Athena, coming into the TARDIS, paused in the empty control room. She had not expected it to be empty, and she was very impressed with her father. Smiling, she headed through the TARDIS, which helpfully moved the door to her father’s study to immediately off the control room.
The study was a newer room on the TARDIS, and not one her father used very often--usually only if she and Fortuna were monopolizing the library with a movie her father did not wish to subject himself to, and then he would retreat to his study to tinker in peace, as he called it. But Athena was well aware her father was an extremely social creature who hated quiet and alone time, and, despite the sulk he would sometimes throw for show, he was almost always to be found near one member of the family, even if they were not engaged in active conversation. Athena thought there must be something about having been the only Time Lord in the universe that made proximity to others necessary, as Fortuna suffered from the same compulsion.
Athena knocked on the door, and her father’s voice called, “It’s open!”

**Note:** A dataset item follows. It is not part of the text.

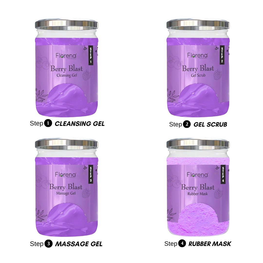 Florena Berry Blast Gel Facial Kit with Cleansing Gel 400gm, Gel Scrub 400gm, Massage Gel 400gm, Rubber Mask 400gm

She swung the door open, and he looked up from where he was kicked back in the chair behind the desk, Converse-clad feet up on the desk, enormous Gallifreyan book on his lap, hand absently tangled in his hair. He lifted his eyebrows when he saw her and said, “You’re home.”
“Yes.” She folded her arms and leaned against the doorjamb. “And you waited up.”
He looked affronted. “I did not ‘wait up!’ It’s just that I don’t sleep! So it always seems like I’m waiting up! Even when I’m not!”
Athena smiled at him. “D’you want to get a cuppa?” she asked.
His face lit up, and Athena wondered if he’d really thought, as her mother had warned her, that she would never speak to him again now that she had started talking to other male creatures. Boys were really so silly, even nine-hundred-year-old ones. “Yes! Absolutement!” He dropped his feet to the ground and stood up, dropping his book negligently on his desk and walking out into the hallway with her.
“Where’s Mum? Sleeping?” asked Athena, as they walked to the kitchen together.
“Yes,” he answered.
“And where are the others?”
He looked surprised. “I dunno. Around, somewhere. You haven’t seen them?”
She shook her head, walking over to fill the kettle with water. “Came to find you first.”
“Why me first?”
He sounded suspicious. She looked at him as she set the kettle on. “I thought you might want to hear about my evening.”
“Why would I have to hear about your evening? What did he do to you?”
“Dad.” She huffed in a bit of exasperation and sat down at the table. “Nothing. It was a lovely evening. I thought you might want to hear about it.”
He still looked wary, but he sat opposite her. He pulled at his earlobe, and then he said, “Where did he take you?”
“To this nice little restaurant. I had grilled K.J.D., and it was delicious. And he was a perfect gentleman, the entire time.”
“Yeah? Was he nice?”
“Very nice. Very sweet. Very polite. Funny.”
“Really? Good.”
Athena smiled at him as the kettle clicked. “Ah, say it like you mean it.”
“I do mean it,” he protested, as she stood and commenced to preparing their cups of tea. “Surely you know I never want you to have an evening that’s anything other than amazing.”
Athena concentrated for a moment on his cup of tea, before turning and presenting it to him and then saying, sincerely, “Thank you.”
He tipped the corner of his mouth up at her in a smile. “I’m glad you had a good time tonight, Theenie. I am. I’m glad he turned out to be lovely.”
Athena smiled back. “Welllll, let’s not go overboard.” She retrieved her own cup of tea and sat opposite her dad again. “I’m not going to marry him or anything. But he was nice. It was nice. Thank you for letting me go.”
Her father looked at her for a second, then sighed heavily and shook his head a bit.
“What?” she asked, alarmed.
He propped his head on his fist and chuckled. “Nothing. It’s just…You’re so much like your mother. I should keep you locked in this TARDIS for the good of the general young male population out there, rather than worrying about you.”
Athena laughed. “Good. Maybe you’ll remember that the next time a boy asks me out and not take such a huge fit about it.”
The Doctor considered, then concluded, “Probably not.”